WHAT YOU NEED TO DO:
Which lines come from the start of the listing through the line holding "the original concept"? Restate exactly those, both included, minus the pictures.

Segment Start: PROVIDED DATA

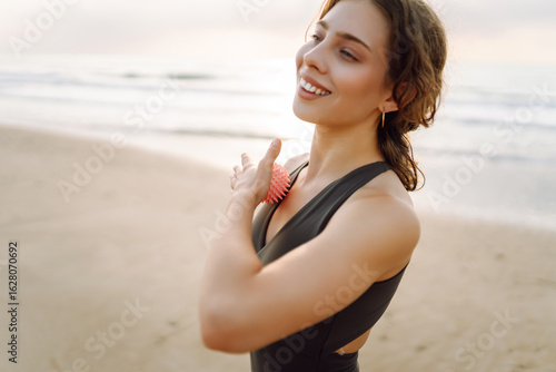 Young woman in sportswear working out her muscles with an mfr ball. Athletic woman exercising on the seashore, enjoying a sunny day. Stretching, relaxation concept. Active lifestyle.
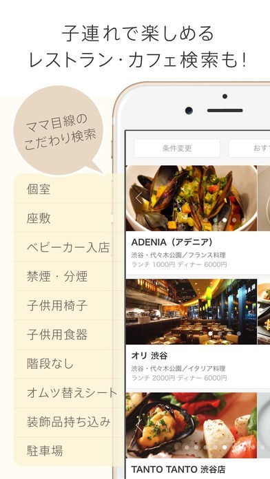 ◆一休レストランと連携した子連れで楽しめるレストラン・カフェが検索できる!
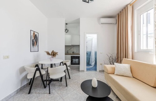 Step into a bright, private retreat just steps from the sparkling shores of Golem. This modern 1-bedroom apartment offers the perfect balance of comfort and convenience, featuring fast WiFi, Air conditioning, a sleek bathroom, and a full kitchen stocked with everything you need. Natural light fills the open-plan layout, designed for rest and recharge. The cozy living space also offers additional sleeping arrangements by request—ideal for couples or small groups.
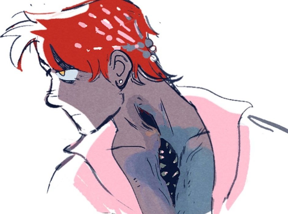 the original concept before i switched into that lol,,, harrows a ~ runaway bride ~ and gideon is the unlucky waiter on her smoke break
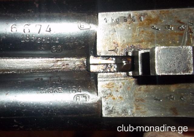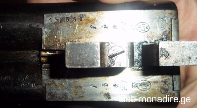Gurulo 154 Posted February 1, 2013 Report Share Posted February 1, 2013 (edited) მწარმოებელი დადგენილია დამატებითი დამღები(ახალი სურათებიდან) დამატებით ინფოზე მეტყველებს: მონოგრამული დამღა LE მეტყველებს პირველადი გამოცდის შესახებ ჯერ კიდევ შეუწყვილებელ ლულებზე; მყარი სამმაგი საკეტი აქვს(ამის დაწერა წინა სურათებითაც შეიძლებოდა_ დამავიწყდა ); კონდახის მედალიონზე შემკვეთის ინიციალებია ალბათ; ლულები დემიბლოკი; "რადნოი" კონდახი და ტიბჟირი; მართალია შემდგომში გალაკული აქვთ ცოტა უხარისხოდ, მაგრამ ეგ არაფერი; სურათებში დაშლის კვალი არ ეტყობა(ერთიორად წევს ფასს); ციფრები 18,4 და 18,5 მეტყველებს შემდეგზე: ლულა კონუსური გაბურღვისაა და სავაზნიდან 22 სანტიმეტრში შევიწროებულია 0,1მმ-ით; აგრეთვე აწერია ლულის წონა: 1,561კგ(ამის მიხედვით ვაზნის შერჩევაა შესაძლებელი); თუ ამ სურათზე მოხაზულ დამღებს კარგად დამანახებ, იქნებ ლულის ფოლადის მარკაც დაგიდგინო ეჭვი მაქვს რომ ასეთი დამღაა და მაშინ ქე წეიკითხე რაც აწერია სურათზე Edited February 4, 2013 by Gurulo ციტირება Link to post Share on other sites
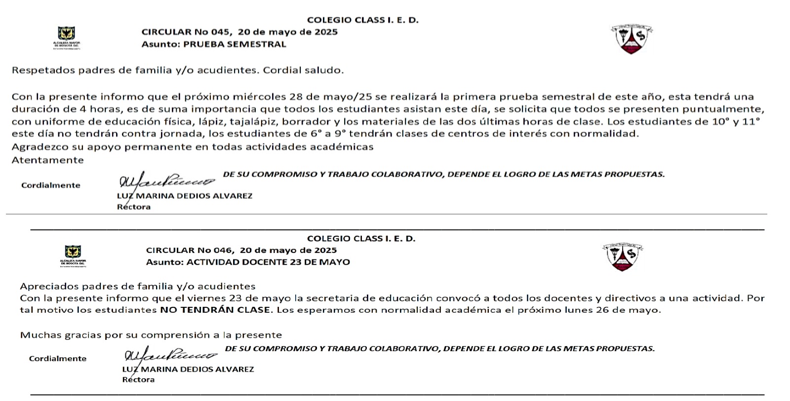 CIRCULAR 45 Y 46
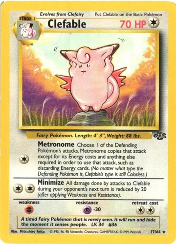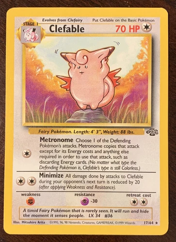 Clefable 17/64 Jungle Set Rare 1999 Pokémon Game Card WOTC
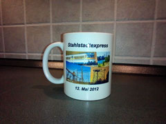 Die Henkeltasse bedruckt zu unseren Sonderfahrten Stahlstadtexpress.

Segment End: PROVIDED DATA

THE COMPLETED TASK:
 Young woman in sportswear working out her muscles with an mfr ball. Athletic woman exercising on the seashore, enjoying a sunny day. Stretching, relaxation concept. Active lifestyle.
 ◆一休レストランと連携した子連れで楽しめるレストラン・カフェが検索できる!
 Step into a bright, private retreat just steps from the sparkling shores of Golem. This modern 1-bedroom apartment offers the perfect balance of comfort and convenience, featuring fast WiFi, Air conditioning, a sleek bathroom, and a full kitchen stocked with everything you need. Natural light fills the open-plan layout, designed for rest and recharge. The cozy living space also offers additional sleeping arrangements by request—ideal for couples or small groups.
 the original concept before i switched into that lol,,, harrows a ~ runaway bride ~ and gideon is the unlucky waiter on her smoke break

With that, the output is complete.